Security vulnerabilities in our products

Forgot your password?

Please enter your username or email. We’ll send you an email with instructions on how to reset your password. If you have forgotten your username, did not receive the email to reset your password or need help, contact our support team.

A security vulnerability has been identified in Kyocera Document Solutions’ MFPs and printers.

Vulnerability description

Three vulnerabilities have been identified:

This vulnerability is subject to a situation where a third party can access the network.
Vulnerability problems will not occur unless the environment is accessed by a third party.

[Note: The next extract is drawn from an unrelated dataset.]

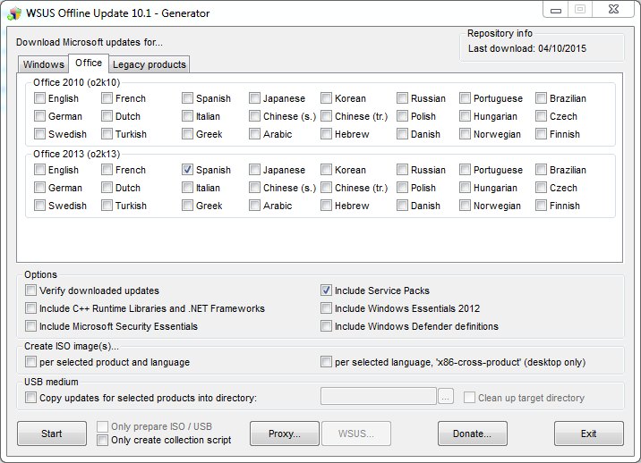 04/10/2015 9:26:23,75 - Info: Starting WSUS Offline Update download (v. 10.1) for o2k13 esn

Vulnerability ID: JVN#46345126
https://jvn.jp/jp/JVN46345126/

1. Session Management Defects in Command Center Vulnerability (CVE-2022-41798）
A vulnerability that allows users to login without login authentication by forged cookies in an environment where the product is accessible through Command Center.

2. Inadequate Authentication of Command Center (CVE-2022-41807）
In an usage environment where the product is accessible via Command Center, if a client (a malicious attacker's personal computer) issues a request to a server (the product) to change device settings using the Common Gateway Interface (CGI), configuration changes can be made without logging in to Command Center.

3. Cross-site scripting vulnerability in Command Center (CVE-2022-41830）
In an usage environment where the product is accessible via Command Center, a vulnerability could allow an attacker to embed malicious JavaScript in a certificate by exploiting the ability to register, configure, and reference SSL/TLS certificates in the Command Center security settings. Therefore, when the equipment administrator logs in to the Command Center and references the SSL/TLS certificate, JavaScript is executed and the equipment administrator can be victimized.

Please contact your services provider to apply the firmware that addresses the security vulnerability.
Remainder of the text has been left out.